Records from a dataset |

-- -- --

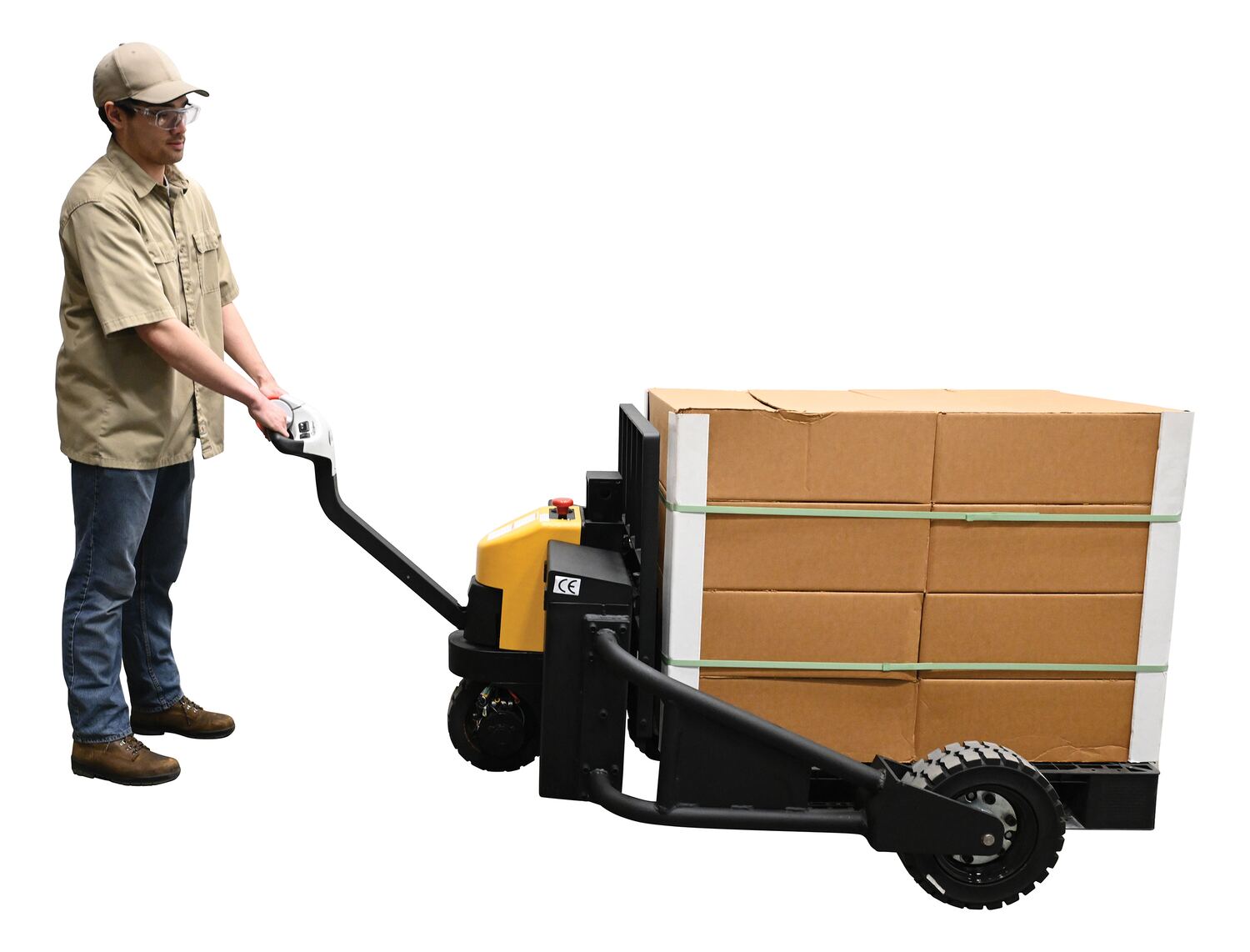 Steel Rough Terrain Electric Pallet Truck DC Powered AC Drive Motor 48 In. Inside Width 2000 Lb. Capacity Black / YellowAn all-terrain pallet truck is the perfect outfit for moving heavy loads over a variety of landscapes. The simple functionality of the unit allows the user to maneuver the truck, both loaded and loaded, easily. Driving handle is centrally located with functions both on and underneath the handle, located directly on the front console. Functions include an easy to operate throttle with infinite adjustment of forward/reverse speeds, lift/lower controls, emergency reverse-function and horn. Emergency reverse belly switch instantly reverses direction and moves the unit forward (away from the operator). Forks are adjustable to best fit the users needs.
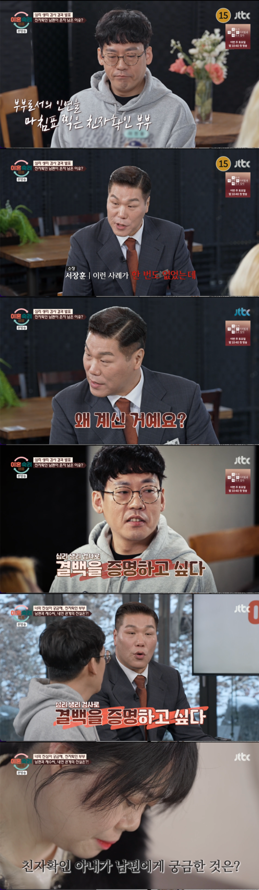실제로 이날 현장에는 출연진 최초로 아내 없이 5명이서 심리 생리 검사가 진행되는 파격적인 상황이 연출됐다. 이미 이혼을 확정 짓고 아내가 퇴소했음에도 불구하고, 남편 이천웅 씨만이 자리를 지키고 있었던 것.
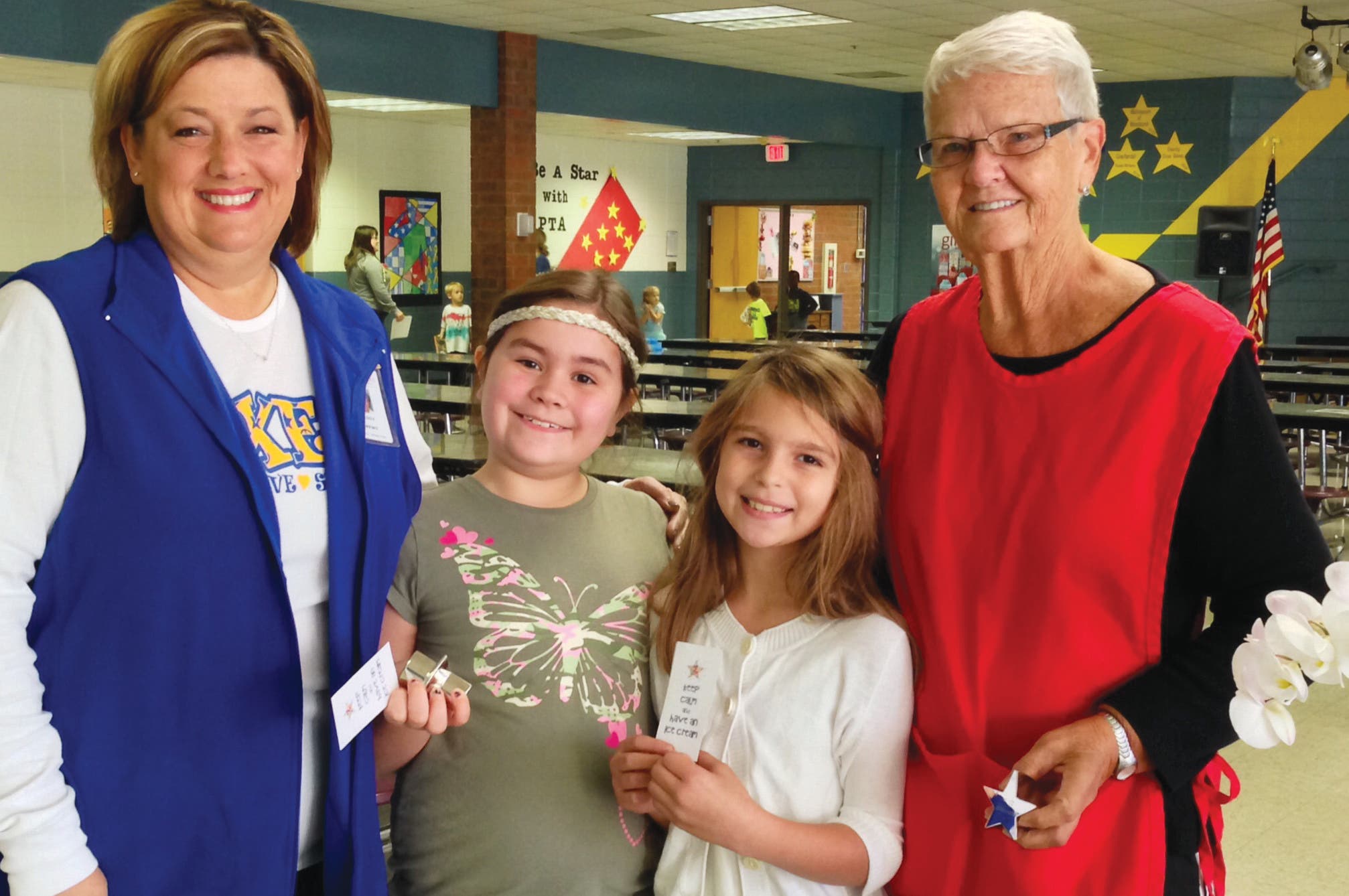Photo: from left to right, Principal Cindy Crews, students Bailey Johnson and Gia DiCarlo and lunch monitor Gloria Szopinski. Credit: Cherokee County School District
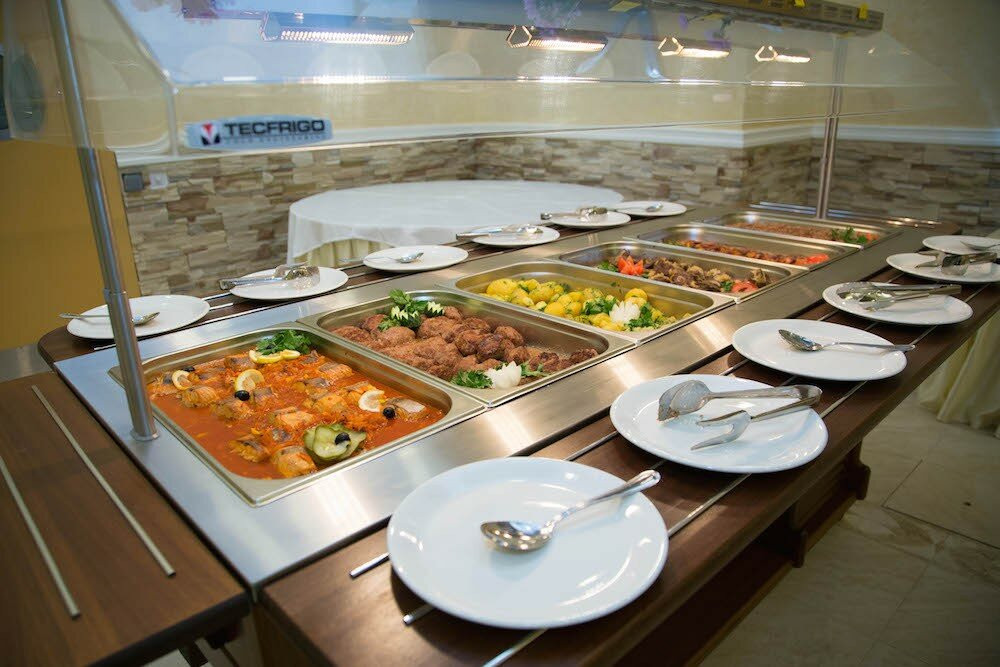 Питание: шведский стол, еда вкусная. Сырники, запеканка творожная, омлет, сосиски, каши (на воде и молоке), сыр/колбасы, варенья, сухие завтраки с молоком или йогуртом, жаркое с мясом, припущенные овощи, гречка, рис, картофель (с вариациями), рыба, котлеты, овощные/мясные/рыбные салаты (заправки отдельно), десерты/фрукты; есть бар (за отдельную плату). В детском меню: макаронные изделия (бантики), припущенные цветная и брокколи (я бы сказала даже, бланшированные, настолько твердые), гречка, куриные котлеты, котлеты по-домашнему и ёжики, куриное суфле. Но, практически без соли/приправ, безвкусное.
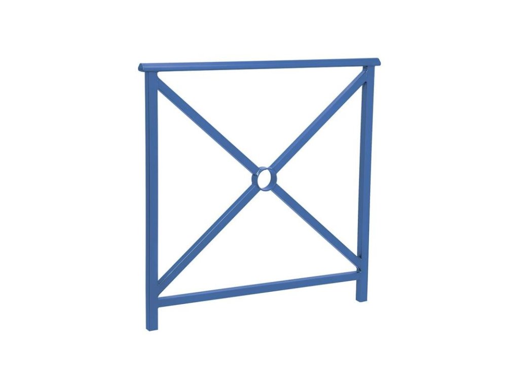Zábradlí Lisabon délky 1000 mm, v barevném provedení modrá RAL 5010, výplň jednoduchý kříž – elegantní a odolné ocelové zábradlí s klasickým městským designem. Nabízí vysokou pevnost, dlouhou životnost a čistý vzhled, vhodný pro veřejné prostory.

-- -- --

Work item | Quote the records in full and exactly; skip any image.

Answer to this problem |
 Steel Rough Terrain Electric Pallet Truck DC Powered AC Drive Motor 48 In. Inside Width 2000 Lb. Capacity Black / YellowAn all-terrain pallet truck is the perfect outfit for moving heavy loads over a variety of landscapes. The simple functionality of the unit allows the user to maneuver the truck, both loaded and loaded, easily. Driving handle is centrally located with functions both on and underneath the handle, located directly on the front console. Functions include an easy to operate throttle with infinite adjustment of forward/reverse speeds, lift/lower controls, emergency reverse-function and horn. Emergency reverse belly switch instantly reverses direction and moves the unit forward (away from the operator). Forks are adjustable to best fit the users needs.
실제로 이날 현장에는 출연진 최초로 아내 없이 5명이서 심리 생리 검사가 진행되는 파격적인 상황이 연출됐다. 이미 이혼을 확정 짓고 아내가 퇴소했음에도 불구하고, 남편 이천웅 씨만이 자리를 지키고 있었던 것.
Photo: from left to right, Principal Cindy Crews, students Bailey Johnson and Gia DiCarlo and lunch monitor Gloria Szopinski. Credit: Cherokee County School District
 Питание: шведский стол, еда вкусная. Сырники, запеканка творожная, омлет, сосиски, каши (на воде и молоке), сыр/колбасы, варенья, сухие завтраки с молоком или йогуртом, жаркое с мясом, припущенные овощи, гречка, рис, картофель (с вариациями), рыба, котлеты, овощные/мясные/рыбные салаты (заправки отдельно), десерты/фрукты; есть бар (за отдельную плату). В детском меню: макаронные изделия (бантики), припущенные цветная и брокколи (я бы сказала даже, бланшированные, настолько твердые), гречка, куриные котлеты, котлеты по-домашнему и ёжики, куриное суфле. Но, практически без соли/приправ, безвкусное.
Zábradlí Lisabon délky 1000 mm, v barevném provedení modrá RAL 5010, výplň jednoduchý kříž – elegantní a odolné ocelové zábradlí s klasickým městským designem. Nabízí vysokou pevnost, dlouhou životnost a čistý vzhled, vhodný pro veřejné prostory.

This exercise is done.